Не удовлетворившись во время войны славою дезертира из армий сразу нескольких стран, Краван стремится привлечь к своей персоне еще больший интерес и вызвать общественное неудовольствие, временами перерастающее в самые настоящие массовые волнения. Будучи приглашен в Нью-Йорк для доклада о природе юмора, он поднимается на трибуну мертвецки пьяным и начинает стаскивать с себя одежду, дожидаясь, пока зал окончательно не опустеет и его не доставят в полицейский участок; в Испании об бросает вызов чемпиону мира боксеру Джо Джонсону, который в первом же раунде отправляет его в нокаут. В 1919 году его видят в Мехико, где он подвизается учителем физкультуры в спортивной школе и готовит тем временем доклад о древнеегипетском искусстве. Некоторое время спустя следы его теряются окончательно, когда он заступает на ночную вахту на одном из самых утлых суденышек Мексиканского залива.

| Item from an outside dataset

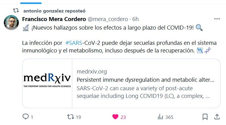 Francisco Mera Cordero @mera_cordero · 🔬 ¡Nuevos hallazgos sobre los efectos a largo plazo del COVID-19! 🔍 La infección por #SARS-CoV-2 puede dejar secuelas profundas en el sistema inmunológico y el metabolismo, incluso después de la recuperación. 📉🧬

Когда совершенно измучивший меня приступ невероятной лени сменился наконец лихорадочными раздумьями о возможностях обретения несказанных богатств (господи, как часто предаюсь я подобным размышленьям!) — я перебирал в голове прожекты один невероятнее другого, постепенно распаляясь от мысли сделаться состоятельным, причем мгновенно и неожиданно, при помощи какого-нибудь бесчестного приема: например, поэзии, ведь я всегда считал искусство средством, а не целью, — в голову мне пришла вдруг восхитительная мысль, и я сказал себе весело: «Мне просто необходимо видеть Жида, вот кто точно купается в золоте! Шутки в сторону, уж я-то сумею выпотрошить этого старого писаку!»

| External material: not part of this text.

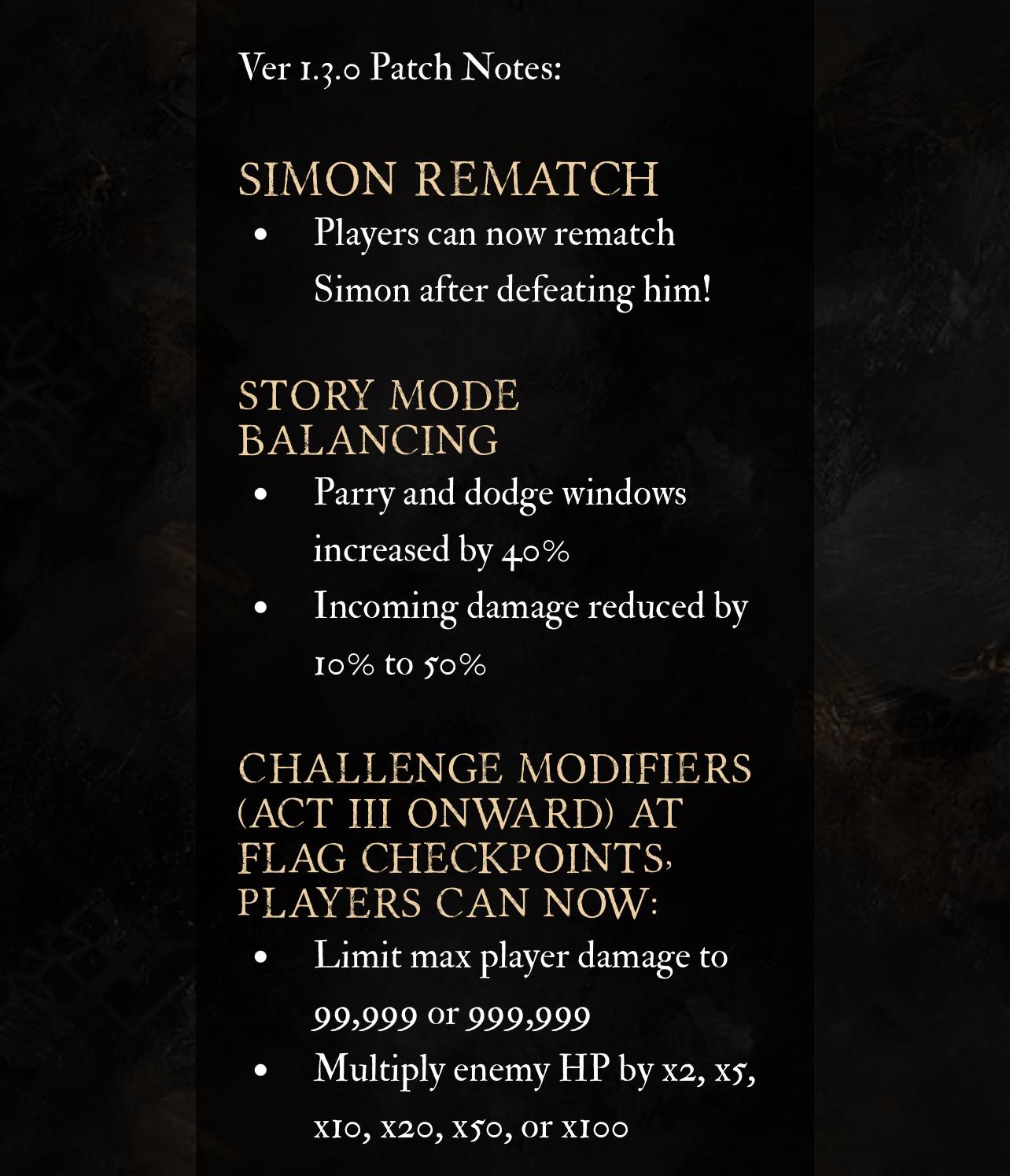 https://www.youtube.com/watch?v=C_Gp_ZHwaUQ Ein Dankeschön Update wurde heute veröffentlicht und es beinhaltet ein neues Spielbares Level und 4 bekannte Gegner: Simon/Clea/Dualisten und der Lampen Meister, in extrem harter Schwierigkeit, zu finden im Endlosen Turm. Das Update kommt mit neuen Klamotten, Haaren, Pictos und Waffen da her, neue Gegner, neue Chromatische Gegner und Bug fixes sowie einen richtig coolen Fotomodus! ✨⭐️✨ Desweiteren ist der Alte Schlüssel nicht mehr nur im Prolog zu erhalten sondern auch später im Endgame, was die Trophäe Wegfinder: „Erhalte alle Expeditions Journale“, nicht mehr verpassbar macht. -

Тотчас же — много ли нужно возбужденному человеку — я пустил в ход свой чудесный дар во всем добиваться успеха. Я написал Жиду, отрекомендовавшись родственником Оскара Уайльда; почему бы ему меня не принять? Он, разумеется, будет приятно удивлен моим недюжинным ростом, крепкими плечами и смазливой физиономией, моими милыми выходками и природным остроумием. Мне он также кажется человеком не слишком неприятным. Вскоре Жид окончательно потеряет голову, и вот в моих мечтах мы уже мчимся в Алжир: он решил повторить свое путешествие в Бискру, мне же захотелось утянуть его потом в Сомали, на побережье. Я довольно быстро загораю и вообще, надо заметить, несколько стыжусь того, что родился белым. Жид, разумеется, будет платить за все: купе в вагонах первого класса, роскошные экипажи, дворцы и прочие изыски для влюбленных: наконец-то я смогу наполнить смыслом хоть одну из тысяч нынешних никчемных жизней. Да, Жид будет платить и платить без отказа; смею надеяться, он не подаст на меня в суд, если я признаюсь, что в болезненных содроганиях моего несущегося прытью извращенного воображения он даже пускал с молотка свою нормандскую ферму ради того, чтобы ублажить мои утонченные капризы современного ребенка.
Ах, перед глазами снова и снова встают те сладостные картины, что рисовались мне тогда — я вытягиваю ноги на кушетке средиземноморского экспресса и несу невообразимую чушь, дабы как-то развлечь моего благодетеля.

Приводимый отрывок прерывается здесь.